Maman a posé la tarte au four.

— Et honnête, c’est déjà rare.

Le lendemain, j’ai proposé de l’emmener au bourg voisin.

Il devait déposer son dossier dans une petite pâtisserie familiale.

Pas un grand endroit.

Une boutique claire, avec des paniers de pain près de la porte et une odeur de beurre chaud.

Léo avait mis une chemise.

Elle était trop grande aux épaules.

Ses cheveux étaient peignés.

Il avait l’air à la fois plus jeune et plus courageux.

Dans la voiture, il n’a presque pas parlé.

Moi non plus.

À un feu rouge, il a murmuré :

— Vous pensez qu’ils vont rire ?

— Non.

— Vous n’en savez rien.

— C’est vrai.
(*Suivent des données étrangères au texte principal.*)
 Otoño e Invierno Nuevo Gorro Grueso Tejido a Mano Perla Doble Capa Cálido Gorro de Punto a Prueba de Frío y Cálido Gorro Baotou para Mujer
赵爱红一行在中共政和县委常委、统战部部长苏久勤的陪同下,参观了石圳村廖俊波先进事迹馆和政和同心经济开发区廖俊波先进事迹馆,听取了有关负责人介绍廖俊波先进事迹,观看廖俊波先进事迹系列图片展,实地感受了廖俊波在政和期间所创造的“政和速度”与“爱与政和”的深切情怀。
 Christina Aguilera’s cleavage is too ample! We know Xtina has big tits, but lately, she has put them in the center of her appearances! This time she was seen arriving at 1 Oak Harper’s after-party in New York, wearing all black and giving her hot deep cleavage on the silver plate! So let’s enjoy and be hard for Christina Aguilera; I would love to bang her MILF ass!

Je n’en sais rien.

Il a tourné la tête vers moi.

— Alors pourquoi vous dites non ?

J’ai gardé les mains sur le volant.

— Parce que même s’ils disent non, tu n’auras pas à avoir honte d’avoir essayé.

Il a regardé par la fenêtre.

— Madame Madeleine dit pareil.

— Elle est plus intelligente que moi.

— Elle dit ça aussi.

J’ai ri.

Et lui aussi, un peu.

À la pâtisserie, je suis restée dehors.

C’était important.

Je n’ai pas parlé à sa place.

Je n’ai pas expliqué.

Je n’ai pas arrangé.

Je l’ai vu entrer, droit mais nerveux, son enveloppe à la main.
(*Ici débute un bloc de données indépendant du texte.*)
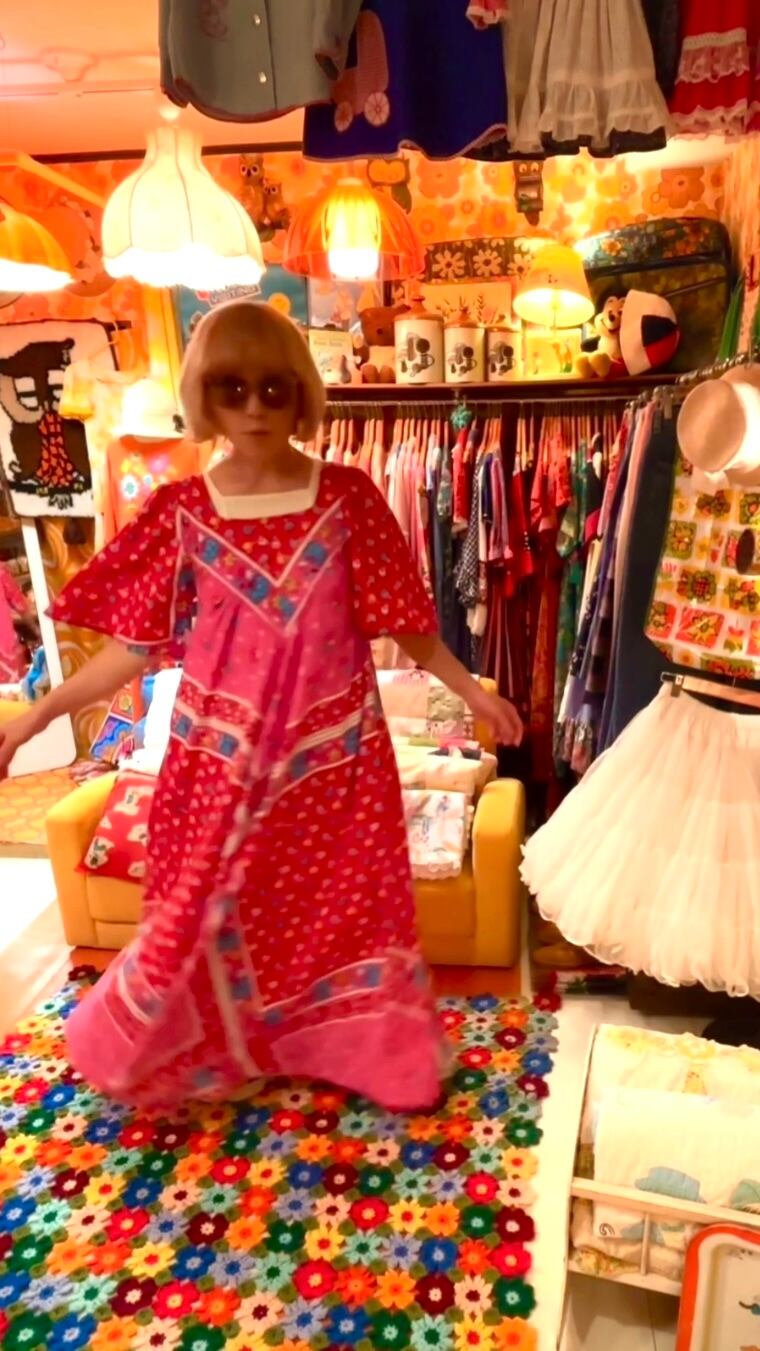 レッド、ピンクベースにライトブルー、イエロー、ホワイトのカラフルなカラーリングや手描きタッチのフラワー柄やピンドットがとっても可愛い1着です。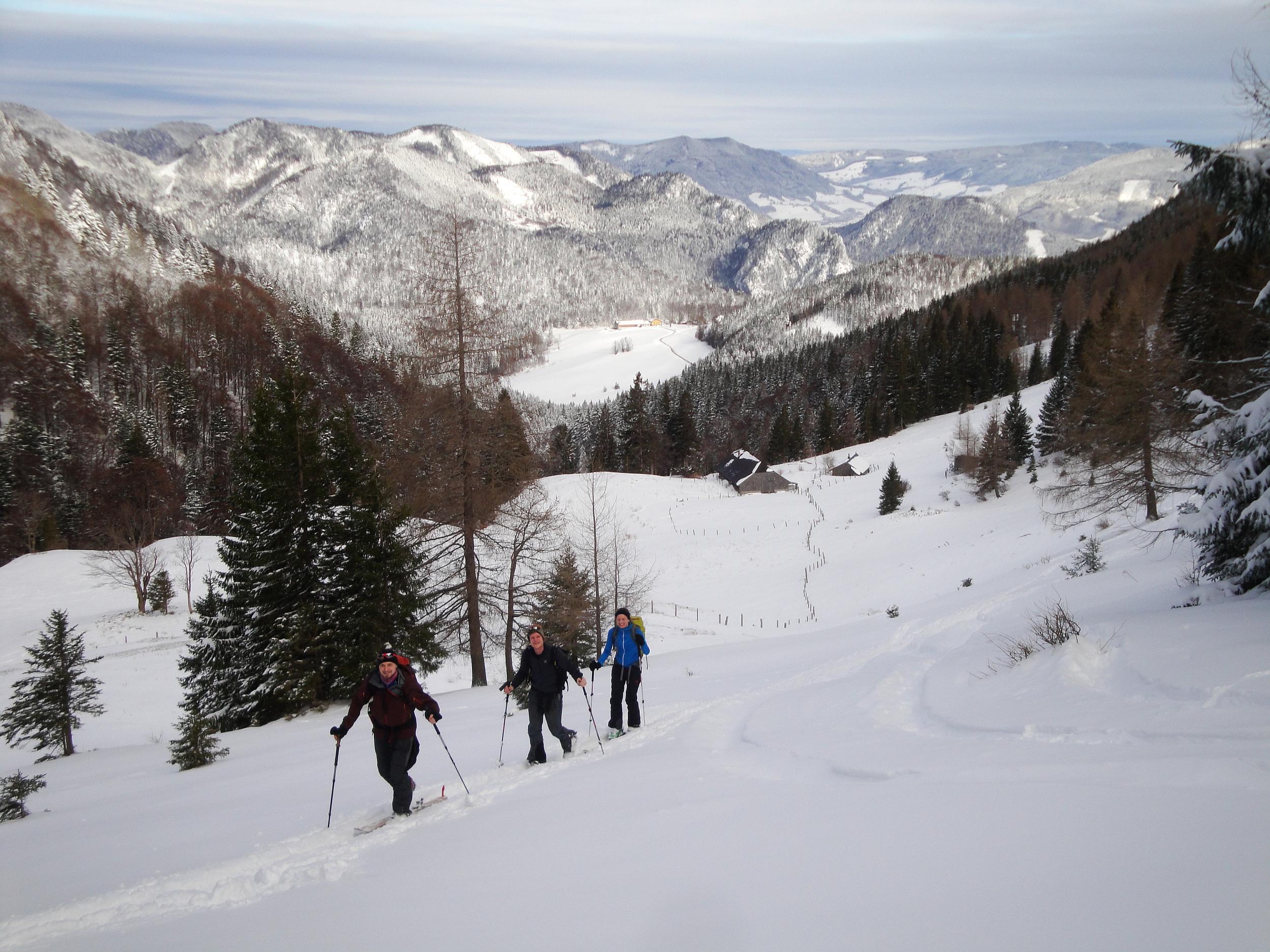 Der Anstieg auf das Zwölferhorn von der Tiefbrunnau ist mehr als beliebt. Wählt man jedoch die Route über die Mehlsackalm wird man nur wenige Schitourengeher antreffen.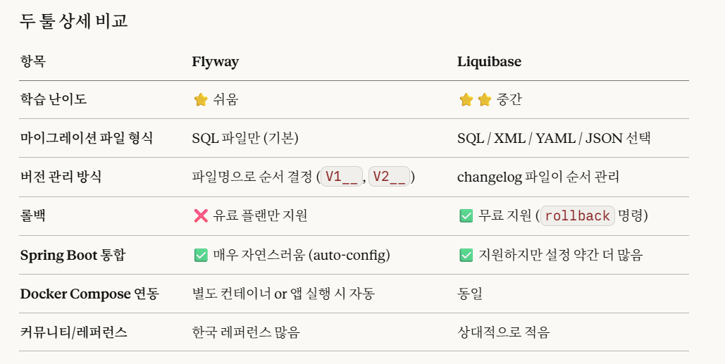 Git이 코드 변경 이력을 관리하듯이, Flyway는 DB 구조 변경 이력을 관리해요.

Derrière la vitrine, une femme d’une cinquantaine d’années l’a accueilli.

Elle a d’abord regardé ses bras tatoués.

Puis son visage.

Puis le dossier.

J’ai retenu mon souffle.

Dix minutes plus tard, Léo est ressorti.

Il ne souriait pas.

Mon cœur est tombé.

— Alors ?

Il a avalé sa salive.

— Elle a dit qu’elle me rappelait.

Je n’ai pas menti.

— Ce n’est pas un oui.

— Non.

— Mais ce n’est pas un non.

Il a hoché la tête.

Puis il a ajouté, presque étonné :

— Elle a lu la lettre devant moi. Jusqu’au bout.

Dans sa voix, il y avait quelque chose qui ressemblait déjà à une victoire.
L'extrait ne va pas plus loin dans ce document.